Not sure of what features but I'm pretty sure the big difference is there are no more batteries in Proto 3


----------



## gunrunnerjohn (Nov 10, 2010)

One of the big features is certainly elimination of the batteries!  I'm sure they've added some sounds and the like, but PS2 was pretty nice.


----------



## Badwolf & Arizona RR (Jun 17, 2011)

Elimination of a consumable is always good. It's also less to go bad or wrong.


----------



## robertlopez925 (May 20, 2011)

do you think they will make a conversion kit? kinda like PS2


----------



## gunrunnerjohn (Nov 10, 2010)

robertlopez925 said:


> do you think they will make a conversion kit? kinda like PS2


I suspect it'll be years before you can buy a conversion kit. Right now they can't keep up with demand for production, and there's no real incentive for them to sell just boards when they can sell whole locomotives.


----------



## robertlopez925 (May 20, 2011)

true, 

now a question for all of you where do you like to buy your engines from? all of my local dealers wont get into the mth business because of bad experiences so i am stuck ordering online so if you can Private message me some good dealers i would appreciate that. 

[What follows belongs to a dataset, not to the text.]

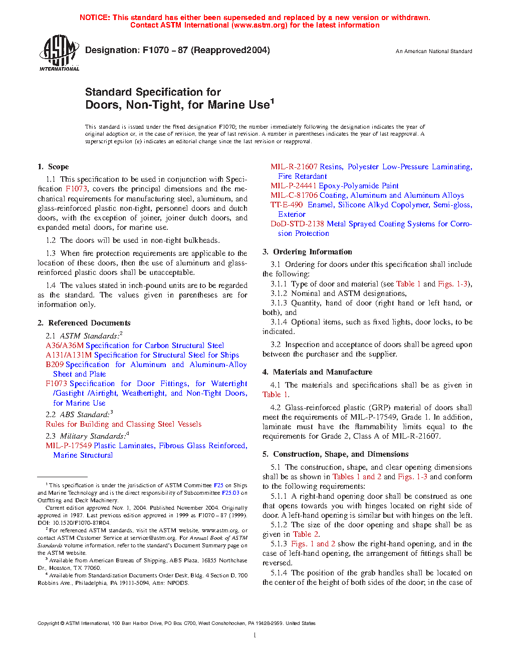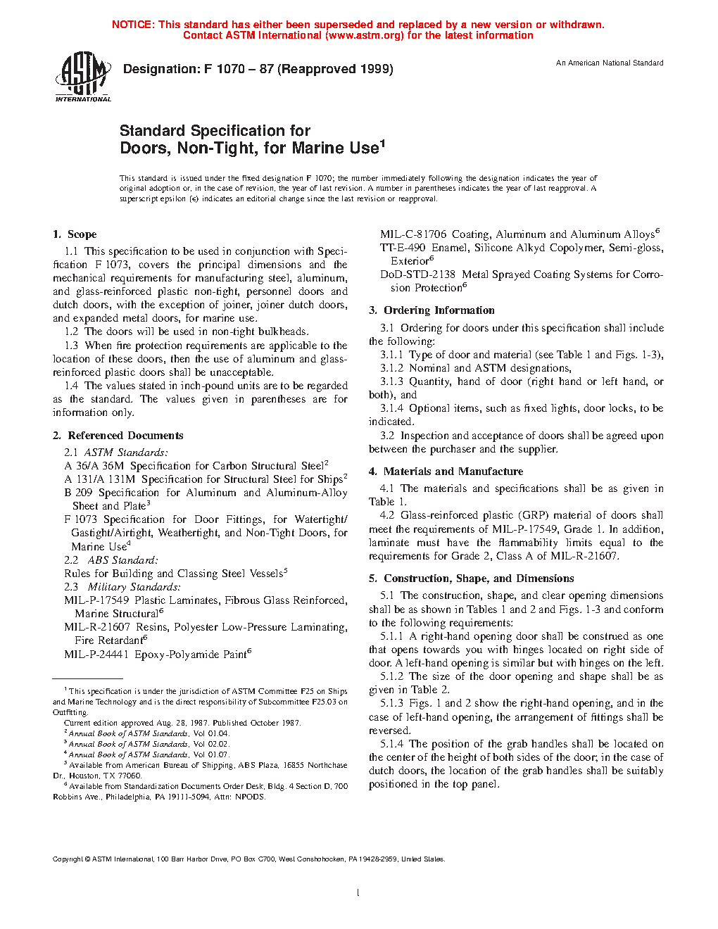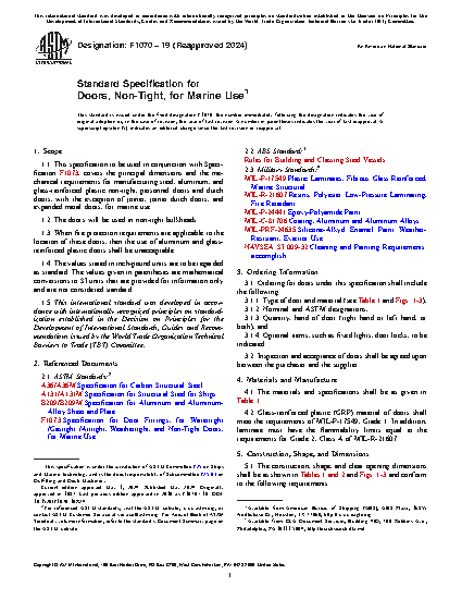 1.1 This specification to be used in conjunction with Specification F1073, covers the principal dimensions and the mechanical requirements for manufacturing steel, aluminum, and glass-reinforced plastic non-tight, personnel doors and dutch doors, with the exception of joiner, joiner dutch doors, and expanded metal doors, for marine use.

and if you have a suggestion on which engine i should get next what i have is a MTH premier BNSF AC6000, Lionel legacy Union pacific SD70ace, i disappointed the way the way the Lionel Santa Fe ac6000 turned out the drawing looked better. the steam is to pricey right now. i am not tied down on to a road name. just want a great sounding engine 

please PM me any suggestions 

Thanks


----------



## gunrunnerjohn (Nov 10, 2010)

Truthfully, I rarely buy a new locomotive from a local dealer, the few new ones I've gotten, I've purchased on-line. I buy from forums and on eBay for the most part.

It's better to post any suggestions in the forum, that way others that might have the same question see the responses.


----------



## robertlopez925 (May 20, 2011)

fine with me


----------